Data excerpt section start

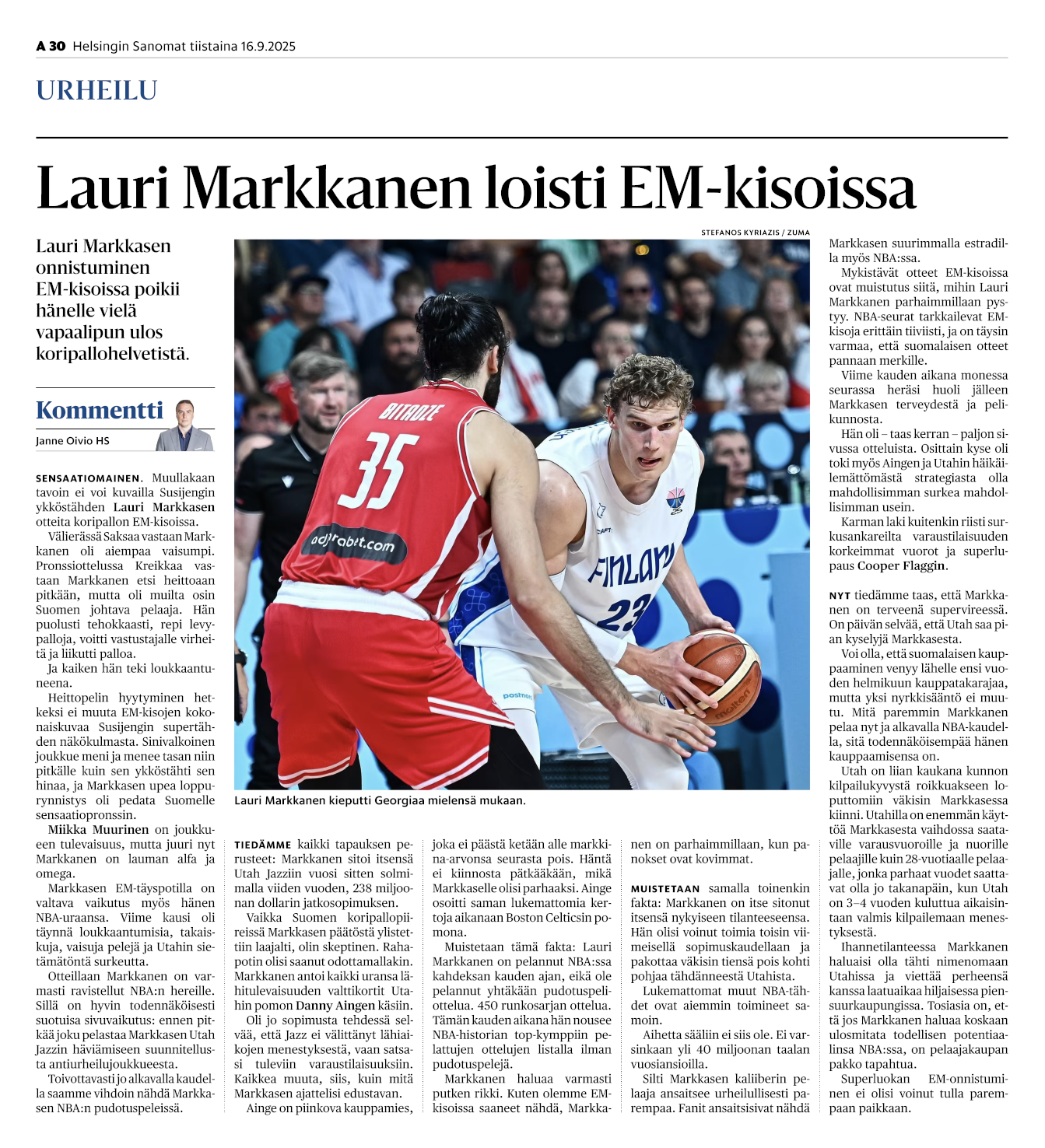 September 10, 2025: Riga, Latvia: 23 LAURI MARKKANEN of Finland competes with 35 GOGA BITADZE of Georgia during the FIBA EuroBasket 2025, Quarter-Finals match between Finland and Georgia at Xiaomi Arena. (Credit Image: © Stefanos Kyriazis/ZUMA Press Wire)
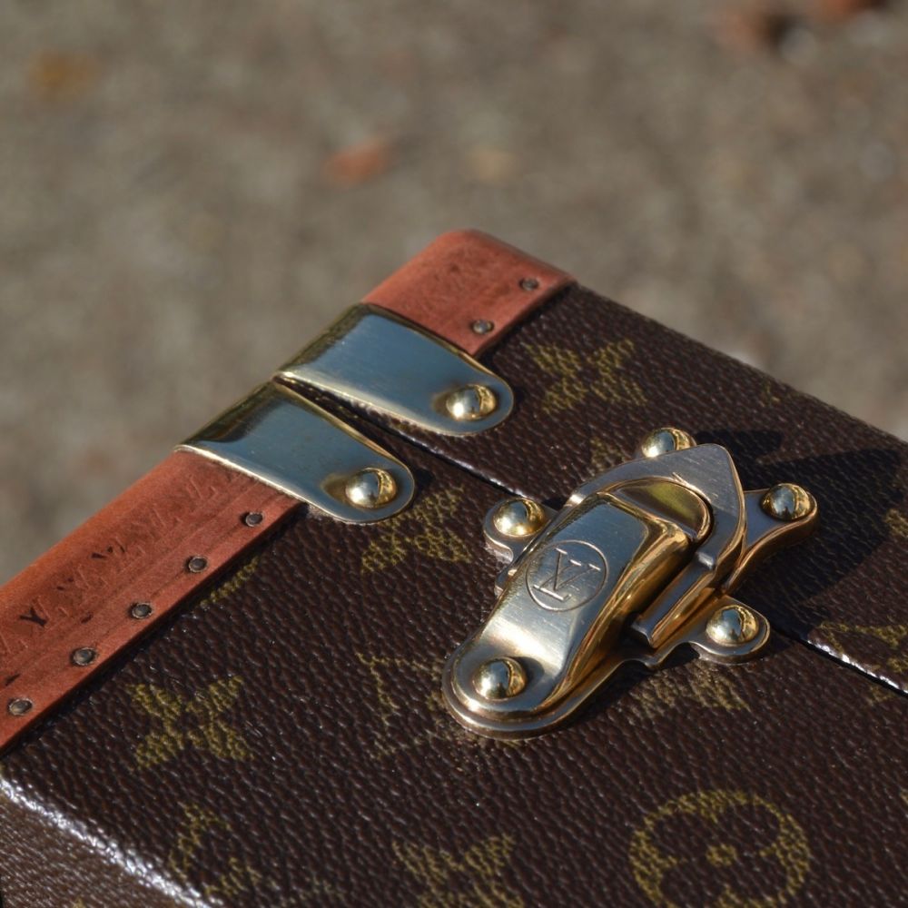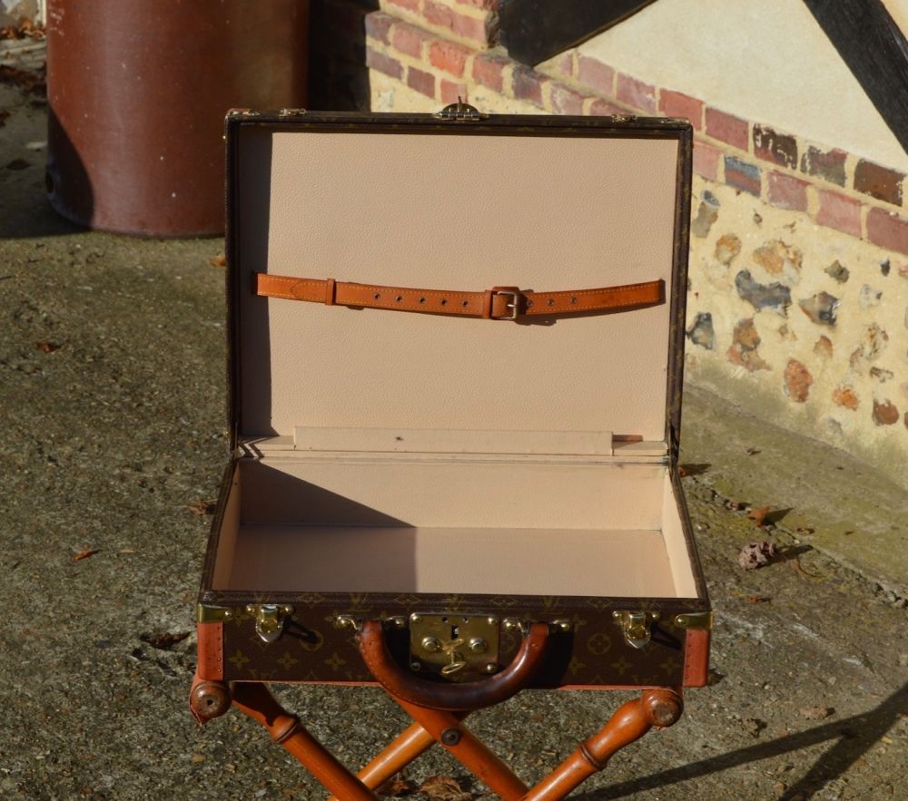 Bon état : La valise est globalement en bon état, avec quelques marques sur la lozine et sur la vuittonite intérieure.
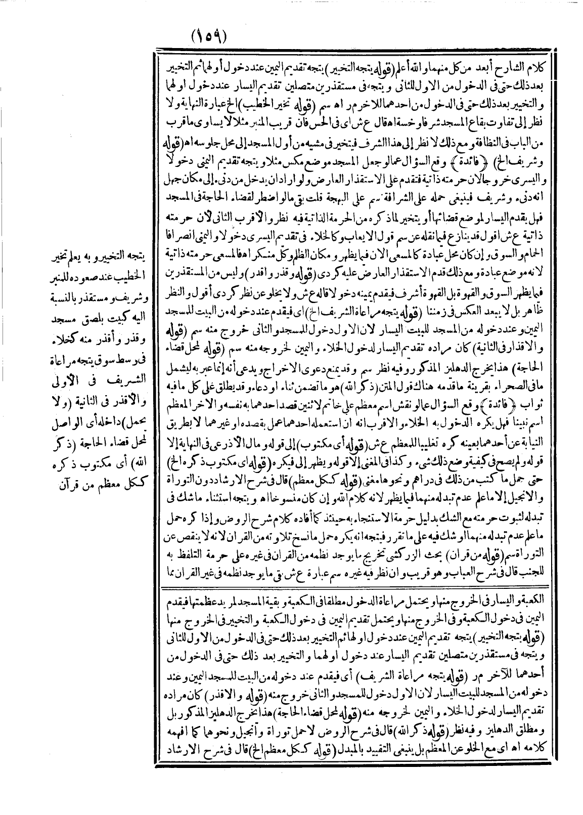 ـــــــــــــــــــــــــــــSالْكَعْبَةِ وَالْيَسَارِ فِي الْخُرُوجِ مِنْهَا وَيُحْتَمَلُ مُرَاعَاةُ الدُّخُولِ مُطْلَقًا فِي الْكَعْبَةِ وَبَقِيَّةِ الْمَسْجِدِ لِمَزِيدِ عَظَمَتِهَا فَيُقَدِّمُ الْيَمِينَ فِي دُخُولِ الْكَعْبَةِ وَفِي الْخُرُوجِ مِنْهَا وَيُحْتَمَلُ تَقْدِيمُ الْيَمِينِ فِي دُخُولِ الْكَعْبَةِ وَالتَّخْيِيرُ فِي الْخُرُوجِ مِنْهَا (قَوْلُهُ: يَتَّجِهُ التَّخْيِيرُ) يَتَّجِهُ تَقْدِيمُ الْيَمِينِ عِنْدَ دُخُولِ أَوَّلِهَا ثُمَّ التَّخْيِيرُ بَعْدَ ذَلِكَ حَتَّى فِي الدُّخُولِ مِنْ الْأَوَّلِ لِلثَّانِي وَيَتَّجِهُ فِي مُسْتَقْذَرَيْنِ مُتَّصِلَيْنِ تَقْدِيمُ الْيَسَارِ عِنْدَ دُخُولِ أَوَّلِهِمَا وَالتَّخْيِيرُ بَعْدَ ذَلِكَ حَتَّى فِي الدُّخُولِ مِنْ أَحَدِهِمَا لِلْآخَرِ م ر (قَوْلُهُ: يَتَّجِهُ مُرَاعَاةُ الشَّرِيفِ) أَيْ فَيُقَدِّمُ عِنْدَ دُخُولِهِ مِنْ الْبَيْتِ لِلْمَسْجِدِ الْيَمِينَ وَعِنْدَ دُخُولِهِ مِنْ الْمَسْجِدِ لِلْبَيْتِ الْيَسَارَ؛ لِأَنَّ الْأَوَّلَ دُخُولٌ لِلْمَسْجِدِ وَالثَّانِيَ خُرُوجٌ مِنْهُ (قَوْلُهُ: وَالْأَقْذَرِ) كَأَنَّ مُرَادَهُ تَقْدِيمُ الْيَسَارِ لِدُخُولِ الْخَلَاءِ وَالْيَمِينِ لِخُرُوجِهِ مِنْهُ

Data excerpt section end

Directions for this task: For this exercise, write the listing out again exactly, excluding all images.

Written solution:
 September 10, 2025: Riga, Latvia: 23 LAURI MARKKANEN of Finland competes with 35 GOGA BITADZE of Georgia during the FIBA EuroBasket 2025, Quarter-Finals match between Finland and Georgia at Xiaomi Arena. (Credit Image: © Stefanos Kyriazis/ZUMA Press Wire)
 Bon état : La valise est globalement en bon état, avec quelques marques sur la lozine et sur la vuittonite intérieure.
 ـــــــــــــــــــــــــــــSالْكَعْبَةِ وَالْيَسَارِ فِي الْخُرُوجِ مِنْهَا وَيُحْتَمَلُ مُرَاعَاةُ الدُّخُولِ مُطْلَقًا فِي الْكَعْبَةِ وَبَقِيَّةِ الْمَسْجِدِ لِمَزِيدِ عَظَمَتِهَا فَيُقَدِّمُ الْيَمِينَ فِي دُخُولِ الْكَعْبَةِ وَفِي الْخُرُوجِ مِنْهَا وَيُحْتَمَلُ تَقْدِيمُ الْيَمِينِ فِي دُخُولِ الْكَعْبَةِ وَالتَّخْيِيرُ فِي الْخُرُوجِ مِنْهَا (قَوْلُهُ: يَتَّجِهُ التَّخْيِيرُ) يَتَّجِهُ تَقْدِيمُ الْيَمِينِ عِنْدَ دُخُولِ أَوَّلِهَا ثُمَّ التَّخْيِيرُ بَعْدَ ذَلِكَ حَتَّى فِي الدُّخُولِ مِنْ الْأَوَّلِ لِلثَّانِي وَيَتَّجِهُ فِي مُسْتَقْذَرَيْنِ مُتَّصِلَيْنِ تَقْدِيمُ الْيَسَارِ عِنْدَ دُخُولِ أَوَّلِهِمَا وَالتَّخْيِيرُ بَعْدَ ذَلِكَ حَتَّى فِي الدُّخُولِ مِنْ أَحَدِهِمَا لِلْآخَرِ م ر (قَوْلُهُ: يَتَّجِهُ مُرَاعَاةُ الشَّرِيفِ) أَيْ فَيُقَدِّمُ عِنْدَ دُخُولِهِ مِنْ الْبَيْتِ لِلْمَسْجِدِ الْيَمِينَ وَعِنْدَ دُخُولِهِ مِنْ الْمَسْجِدِ لِلْبَيْتِ الْيَسَارَ؛ لِأَنَّ الْأَوَّلَ دُخُولٌ لِلْمَسْجِدِ وَالثَّانِيَ خُرُوجٌ مِنْهُ (قَوْلُهُ: وَالْأَقْذَرِ) كَأَنَّ مُرَادَهُ تَقْدِيمُ الْيَسَارِ لِدُخُولِ الْخَلَاءِ وَالْيَمِينِ لِخُرُوجِهِ مِنْهُ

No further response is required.